Switched to a new branch 'ben/pbspro-cluster-options'
Solution-2 (use vanilla git)
- Set the upstream for the branch
$ git branch --set-upstream-to=origin/ben/pbspro-cluster-options ben/pbspro-cluster-options
- Pull the changes from the upstream branch (this PR)
$ git pull --rebase
- Confirm Ben's last commit
$ git log --oneline | grep 'cbe6ef354'
cbe6ef354 Update executor.rst [ci skip]
@Mxrcon , could you please try again when you're at IEC? Looking forward to your response.
Thanks for the correction @abhi18av, It's always good to have some git-fu lessons.
Now I got it working.
- Updated .command.run header:
#PBS -N nf-FOO
#PBS -o xxxxxxx/pbs_directive_work/work/fd/2bfb91328ae6a1adc9f517d647d902/.command.log
#PBS -j oe
#PBS -q sabmi
#PBS -l nodes=1:x86:ppn=2
#PBS -l mem=4gb
- Qstat output:
Job ID Username Queue Jobname SessID NDS TSK Memory Time S Time
----------------------- ----------- -------- ---------------- ------ ----- ------ --------- --------- - ---------
33771.hpcnod11 xxxxxxxxxxx sabmi nf-FOO 17008 1 2 4gb -- C -- hpcnod16/0-1
Thank you @bentsherman, This implementation seems to fix the issue even when using closures!!
Also, the warn is very nice: WARN: cpus directive is ignored when clusterOptions contains -l option tip: clusterOptions = { "-l nodes=1:ppn=${task.cpus}:..." }
@abhi18av @bentsherman @pditommaso, I extended this test running nf-core mag on test config to seem if this could be used for already existing pipelines.

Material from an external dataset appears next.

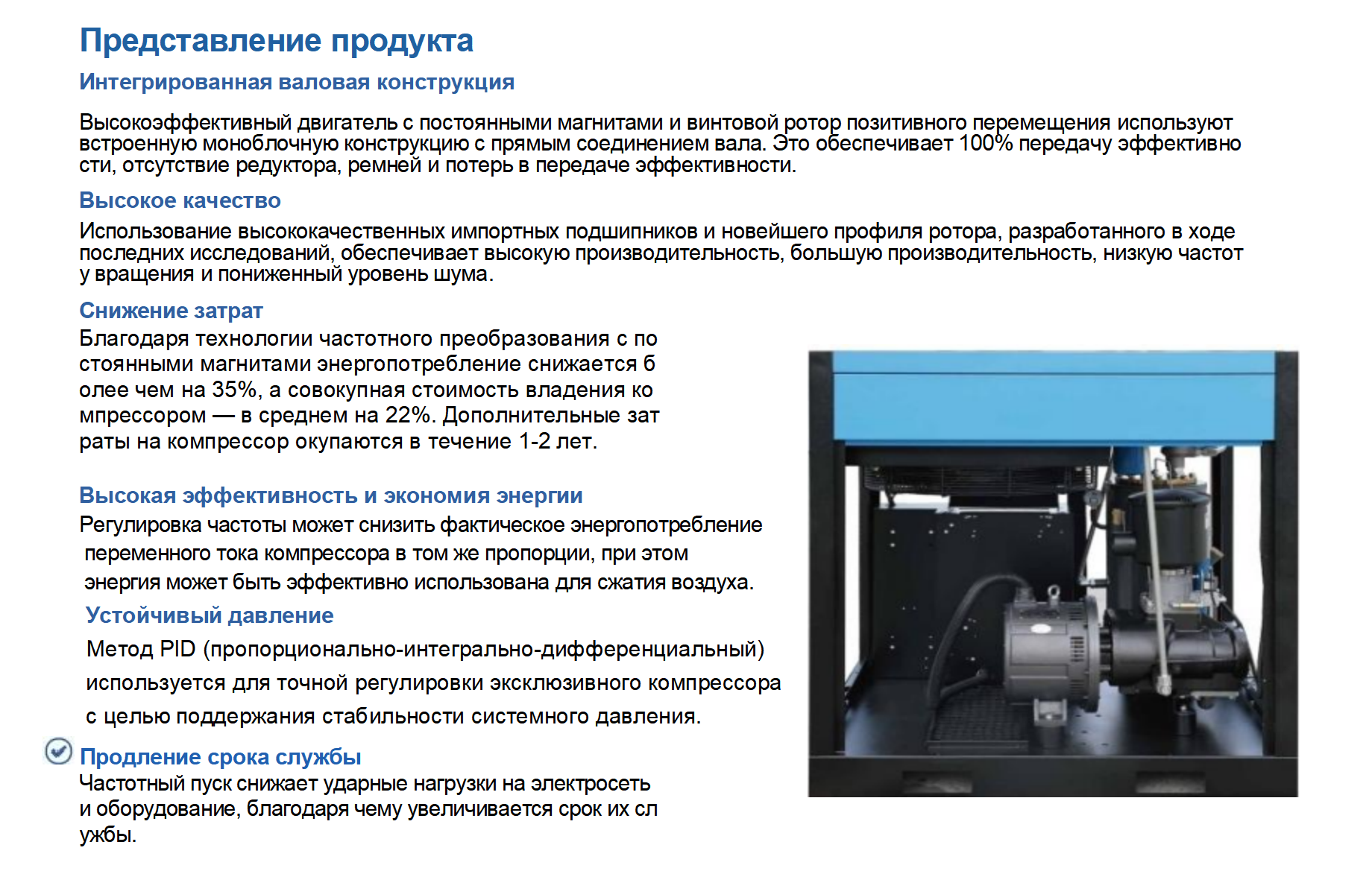 Одноступенчатый винтовой воздушный компрессор с частотным преобразователем постоянного тока
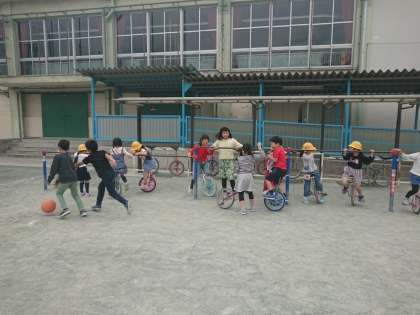 鉄棒の近くでは、黄色い帽子をかぶった1年生が、一輪車の練習をしていました。

Command used: ./nextflow/launch.sh run nf-core/mag -profile test,docker --outdir mag_results -c nextflow.config
nextflow.config content:
process{
executor= "pbs"
queue= "sabmi"
clusterOptions = {"-l nodes=1:hpcnod16:ppn=${task.cpus}"}
}
executor.queueSize = 15
executor.pollInterval = '5 sec'
Output:
Completed at: 28-Nov-2022 12:55:46
Duration : 10m 12s
CPU hours : 1.3 (0% failed)
Succeeded : 156
Ignored : 1
Failed : 1
Hi team,
This thing came up in another context where another university has docker installed only on a single node and then its a hard requirement to rely upon -l
cluster options to be able to send jobs to only that node.
Request for comments: Till the moment that this particular PR is merged, I'm wondering if there is a gotcha on using a custom build for nextflow using make pack
?
1. Checkout this branch locally
gh pr checkout 3015
Branch 'ben/pbspro-cluster-options' set up to track remote branch 'ben/pbspro-cluster-options' from 'origin'.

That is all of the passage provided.